Records from a data source.
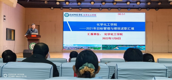 Beat365唯一官方网站党委书记郭鹏全程参会,并代表学院对2021年度目标管理与绩效任务完成情况进行了7分钟述职汇报,展示了学院党建与思想政治教育、本科教学、学科与研究生培养、科学研究、人才队伍建设、学生培养、安全稳定等全面业绩成效。郭鹏汇报分为两部分:目标管理与绩效完成情况;存在不足与努力方向。他从办学条件、教学工作、学科建设与研究生培养、科研工作、学生工作五个方面对目标管理与绩效进行了详细解读汇报。郭鹏指出,2021年度Beat365唯一官方网站的教师博士化率稳步提升、师资力量进一步增强,省厅级、校级高层次创新人才多次入选,认定高层次人才5人,教授和副教授职称评审通过5人,引进博士2人,国际访学交流2人;仪器设施不断完备,仪器设备总资产达6000多万;学院始终坚持“以本为本”,推进“四个回归”,着力打造化院本科教育教学特色育人品牌,教学工作中心地位进一步巩固;基层教学组织建设、专业课程建设稳步推进,一批青年教师不仅站稳了讲台,而且站出了品牌,张钰、许婧、马献涛等老师在各种教学比赛中屡获大奖,教室、实验室“两室”贯通、协同育人本科教学工作品牌建设成效明显,“一院一品”创建初见成效,毕业生应届考研升造142人,整体录取率始终保持高位40%以上,2021年度本科教学工作目标考核获第1名;学科建设与研究生培养稳步推进,“重点集成、提质增量”推动学科高质量发展,ESI高被引论文9篇、学科ESI排名前1%,自然指数稳步上升;高水平导师队伍促研究生培养,硕士研究生产出一大批研究成果和荣誉奖项,研究论文、发明专利、奖学金、优秀硕士论文等多人次获得。
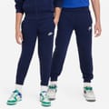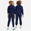 This Nike Fleece Tracksuit consists of a hoodie and joggers. The hoodie is crafted with zip fastening, long sleeves, a hood and 2 pockets. The joggers feature an elasticated waist, drawstring fastening, ribbed cuffs and 2 pockets. Both pieces in this set are designed with a signature logo and are complete with Nike Swoosh branding. -
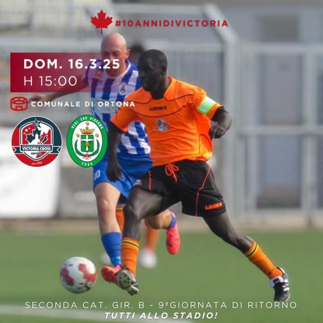 Domenica 16 marzo alle ore 15.00, presso il Comunale di Ortona, ci sarà l' incontro di calcio tra la Victoria Cross Ortona ed il Real San Giacomo, la gara è valevole per la nona giornata di ritorno del Campionato di Seconda Categoria girone B.
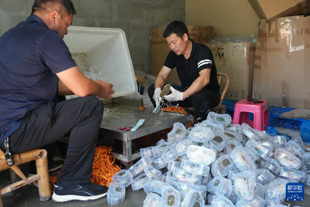 9月2日,在宁海县一市镇的一家青蟹生产企业,工作人员用免绳缚的专利包装“安居房”打包青蟹。
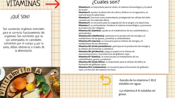 Vitamina A: es importante para la visión, el sistema inmunológico y la salud de la piel. Vitamina D: ayuda a la absorción de calcio y fósforo en el organismo, es esencial para la salud ósea. Vitamina E: funciona como antioxidante, protegiendo las células del daño causado por los radicales libres. Vitamina K: es necesaria para la coagulación de la sangre y la salud ósea. Vitamina C: es antioxidante, fortalece el sistema inmunológico y promueve la producción de colágeno. Vitamina B1 (tiamina): ayuda en el metabolismo de los carbohidratos y aminoácidos. Vitamina B2 (riboflavina): participa en la producción de energía y el metabolismo de las grasas, proteínas y carbohidratos. Vitamina B3 (niacina): es necesaria para la síntesis de energía y el metabolismo de los alimentos. Vitamina B5 (ácido pantoténico): participa en la producción de energía y la síntesis de hormonas y colesterol. Vitamina B6 (piridoxina): juega un papel en la síntesis de neurotransmisores y la producción de glóbulos rojos. Vitamina B7 (biotina): es esencial para el metabolismo de los carbohidratos, grasas y proteínas. Vitamina B9 (ácido fólico): es importante para la síntesis de ADN y la formación de glóbulos rojos. Vitamina B12 (cobalamina): es necesaria para la formación de glóbulos rojos y la función del sistema nervioso.

WHAT YOU ARE ASKED TO DO.
Pictures excluded, repeat the records exactly from their opening line through the line containing "9月2日,在宁海县一市镇的一".

TASK OUTPUT.
 Beat365唯一官方网站党委书记郭鹏全程参会,并代表学院对2021年度目标管理与绩效任务完成情况进行了7分钟述职汇报,展示了学院党建与思想政治教育、本科教学、学科与研究生培养、科学研究、人才队伍建设、学生培养、安全稳定等全面业绩成效。郭鹏汇报分为两部分:目标管理与绩效完成情况;存在不足与努力方向。他从办学条件、教学工作、学科建设与研究生培养、科研工作、学生工作五个方面对目标管理与绩效进行了详细解读汇报。郭鹏指出,2021年度Beat365唯一官方网站的教师博士化率稳步提升、师资力量进一步增强,省厅级、校级高层次创新人才多次入选,认定高层次人才5人,教授和副教授职称评审通过5人,引进博士2人,国际访学交流2人;仪器设施不断完备,仪器设备总资产达6000多万;学院始终坚持“以本为本”,推进“四个回归”,着力打造化院本科教育教学特色育人品牌,教学工作中心地位进一步巩固;基层教学组织建设、专业课程建设稳步推进,一批青年教师不仅站稳了讲台,而且站出了品牌,张钰、许婧、马献涛等老师在各种教学比赛中屡获大奖,教室、实验室“两室”贯通、协同育人本科教学工作品牌建设成效明显,“一院一品”创建初见成效,毕业生应届考研升造142人,整体录取率始终保持高位40%以上,2021年度本科教学工作目标考核获第1名;学科建设与研究生培养稳步推进,“重点集成、提质增量”推动学科高质量发展,ESI高被引论文9篇、学科ESI排名前1%,自然指数稳步上升;高水平导师队伍促研究生培养,硕士研究生产出一大批研究成果和荣誉奖项,研究论文、发明专利、奖学金、优秀硕士论文等多人次获得。
 This Nike Fleece Tracksuit consists of a hoodie and joggers. The hoodie is crafted with zip fastening, long sleeves, a hood and 2 pockets. The joggers feature an elasticated waist, drawstring fastening, ribbed cuffs and 2 pockets. Both pieces in this set are designed with a signature logo and are complete with Nike Swoosh branding. -
 Domenica 16 marzo alle ore 15.00, presso il Comunale di Ortona, ci sarà l' incontro di calcio tra la Victoria Cross Ortona ed il Real San Giacomo, la gara è valevole per la nona giornata di ritorno del Campionato di Seconda Categoria girone B.
 9月2日,在宁海县一市镇的一家青蟹生产企业,工作人员用免绳缚的专利包装“安居房”打包青蟹。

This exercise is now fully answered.